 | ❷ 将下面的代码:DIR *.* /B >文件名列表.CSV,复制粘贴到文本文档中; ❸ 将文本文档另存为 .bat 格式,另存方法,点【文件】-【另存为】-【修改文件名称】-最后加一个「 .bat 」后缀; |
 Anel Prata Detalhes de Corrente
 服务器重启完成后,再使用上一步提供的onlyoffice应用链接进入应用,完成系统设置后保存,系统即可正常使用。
—————
▶ Exercise description
Exactly as written, transcribe every line shown above.

▶ Answer to the exercise
 | ❷ 将下面的代码:DIR *.* /B >文件名列表.CSV,复制粘贴到文本文档中; ❸ 将文本文档另存为 .bat 格式,另存方法,点【文件】-【另存为】-【修改文件名称】-最后加一个「 .bat 」后缀; |
 Anel Prata Detalhes de Corrente
 服务器重启完成后,再使用上一步提供的onlyoffice应用链接进入应用,完成系统设置后保存,系统即可正常使用。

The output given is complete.